DATA SHOWN:
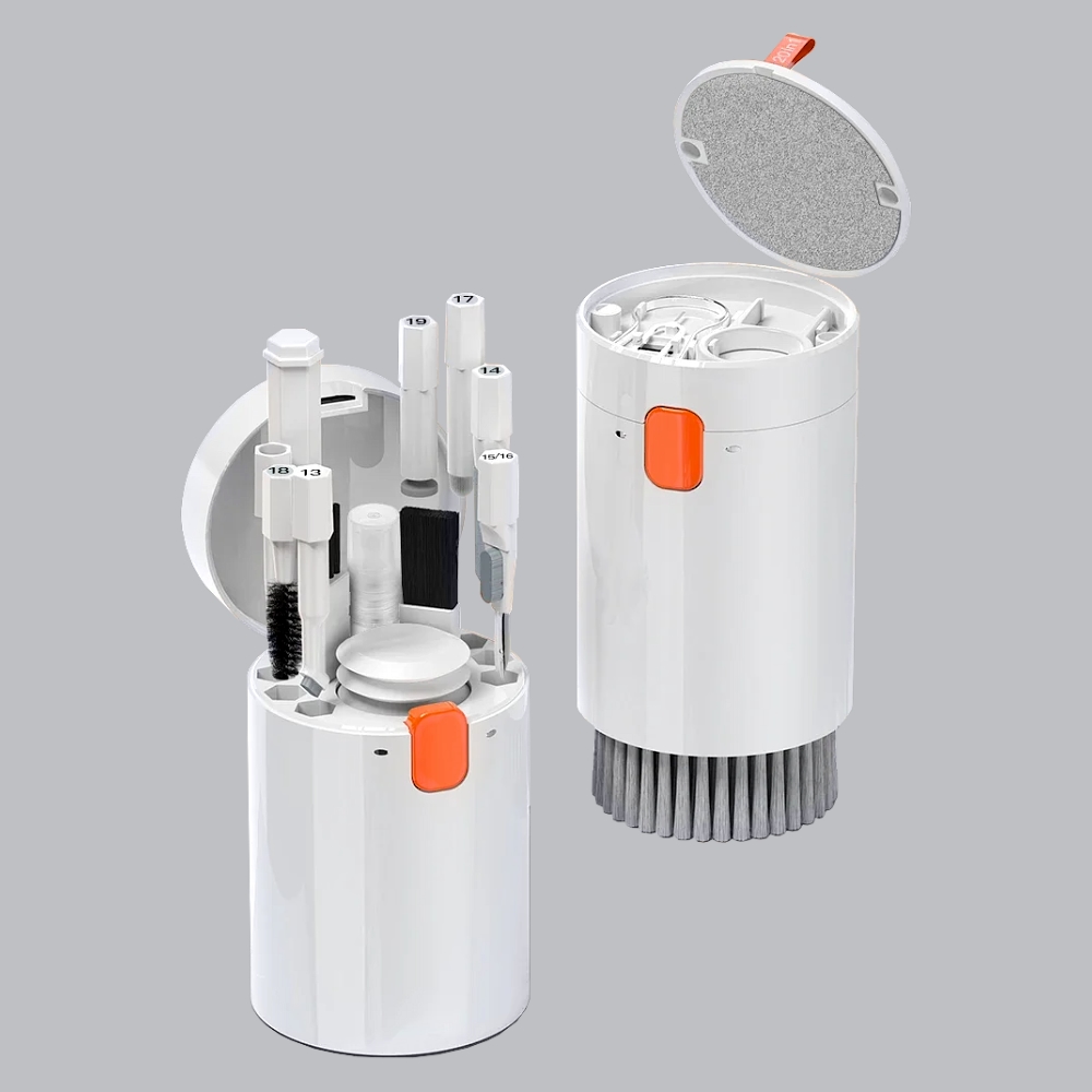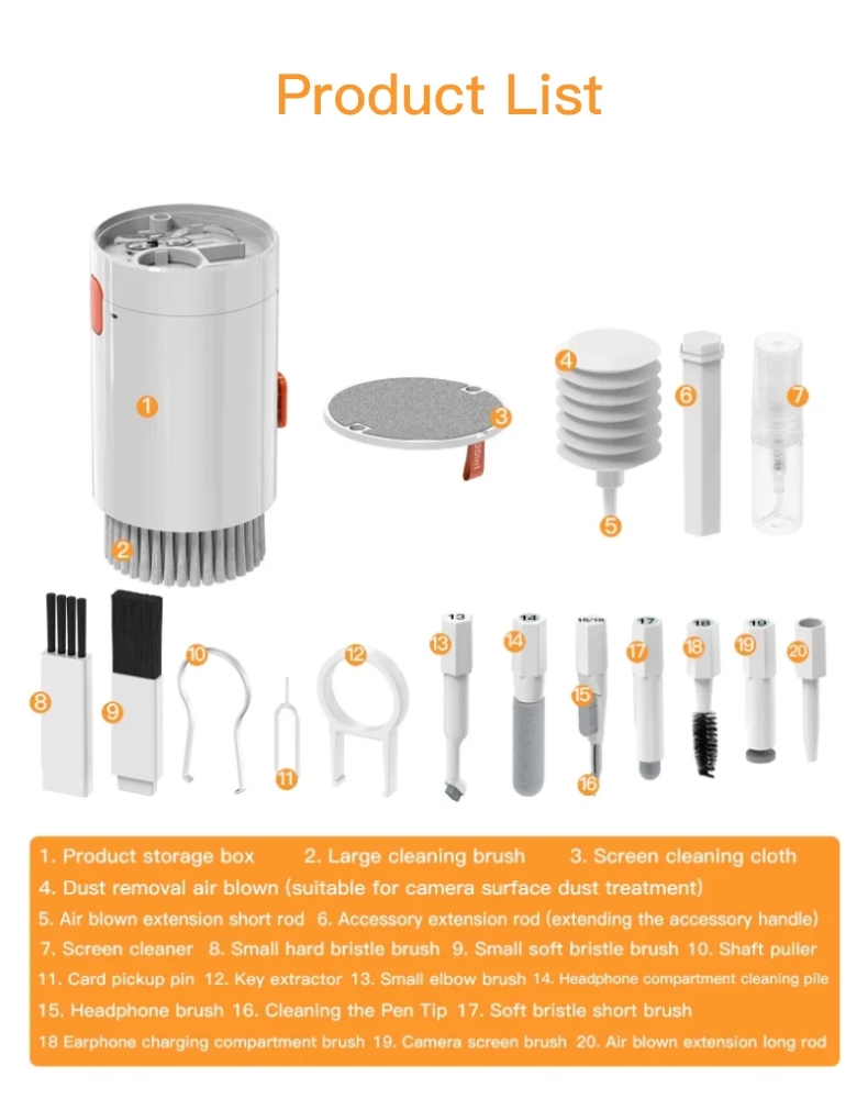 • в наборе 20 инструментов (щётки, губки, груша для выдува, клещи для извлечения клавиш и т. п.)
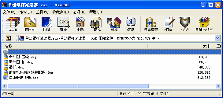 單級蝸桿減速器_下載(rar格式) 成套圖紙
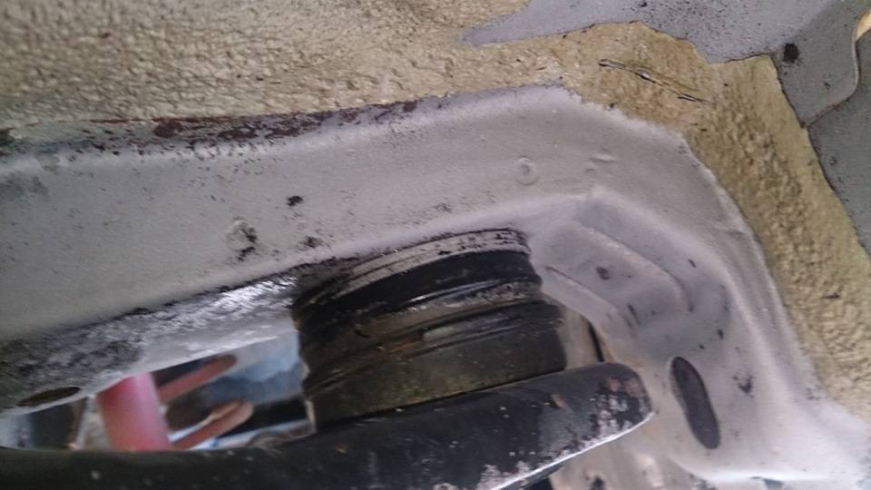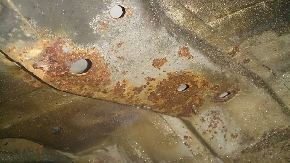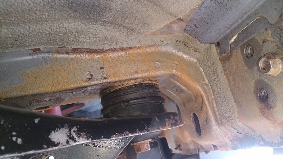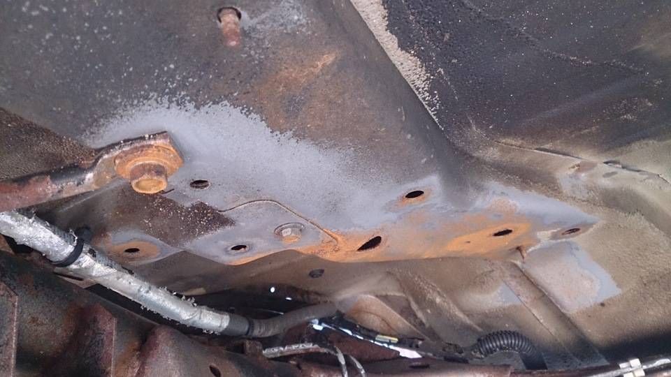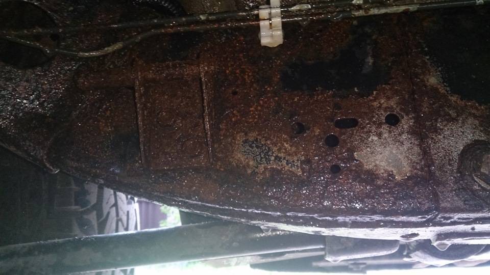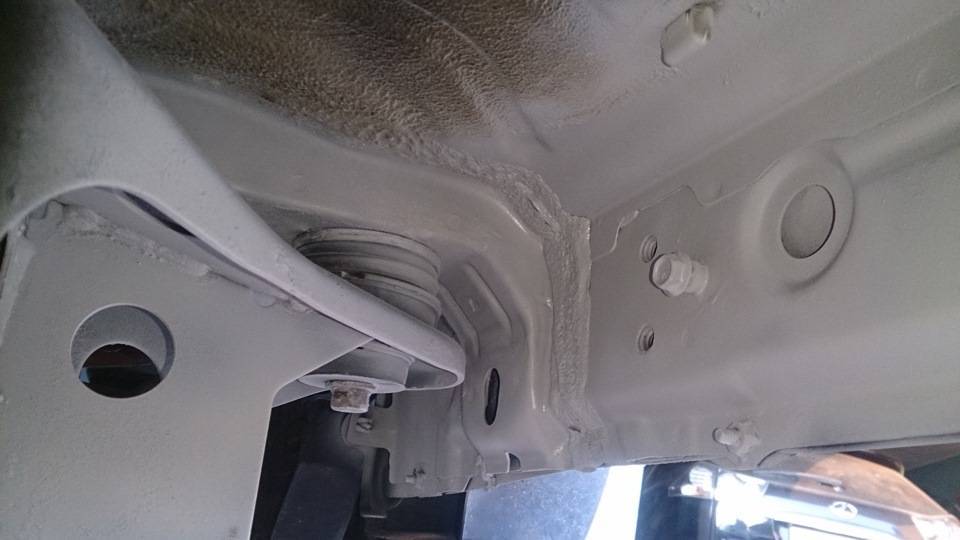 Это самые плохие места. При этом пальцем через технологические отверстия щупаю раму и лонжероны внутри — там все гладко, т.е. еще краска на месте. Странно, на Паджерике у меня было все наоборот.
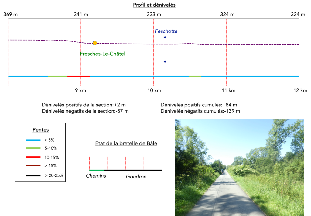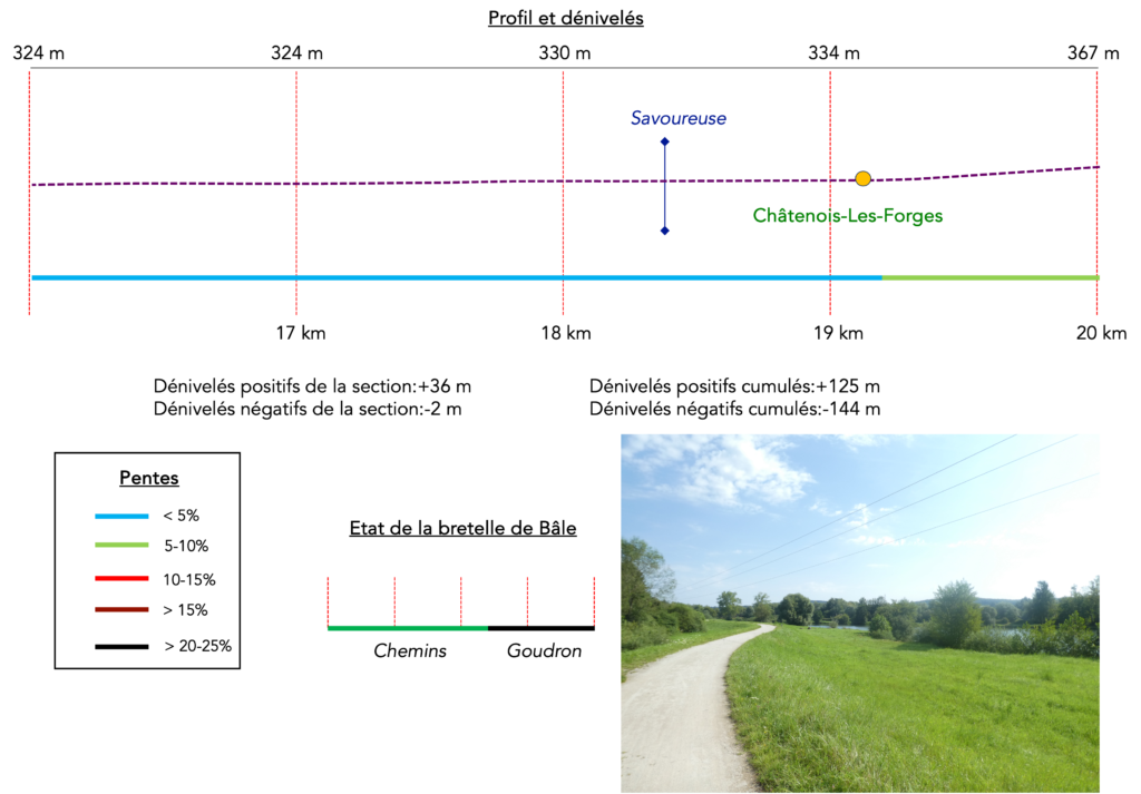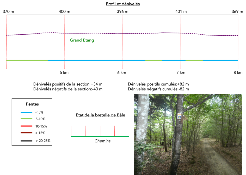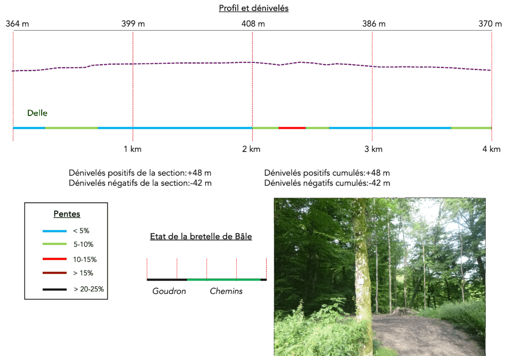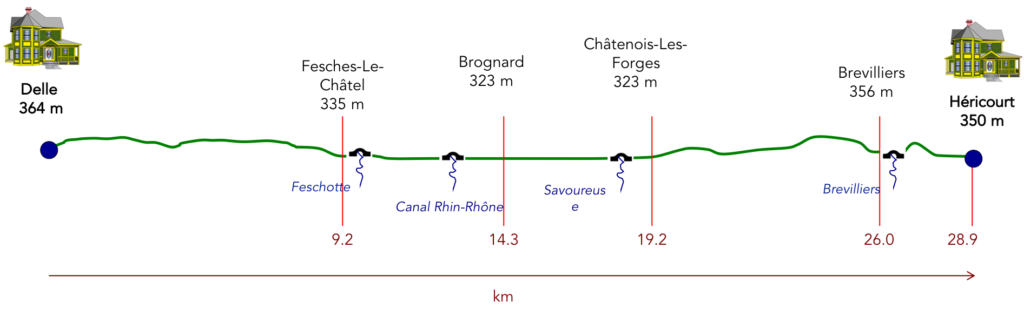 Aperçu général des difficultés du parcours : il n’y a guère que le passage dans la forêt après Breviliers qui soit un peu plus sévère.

ASSIGNED TASK:
The data must be printed exactly, image-free.

RESPONSE TO THE TASK:
 • в наборе 20 инструментов (щётки, губки, груша для выдува, клещи для извлечения клавиш и т. п.)
 單級蝸桿減速器_下載(rar格式) 成套圖紙
 Это самые плохие места. При этом пальцем через технологические отверстия щупаю раму и лонжероны внутри — там все гладко, т.е. еще краска на месте. Странно, на Паджерике у меня было все наоборот.
 Aperçu général des difficultés du parcours : il n’y a guère que le passage dans la forêt après Breviliers qui soit un peu plus sévère.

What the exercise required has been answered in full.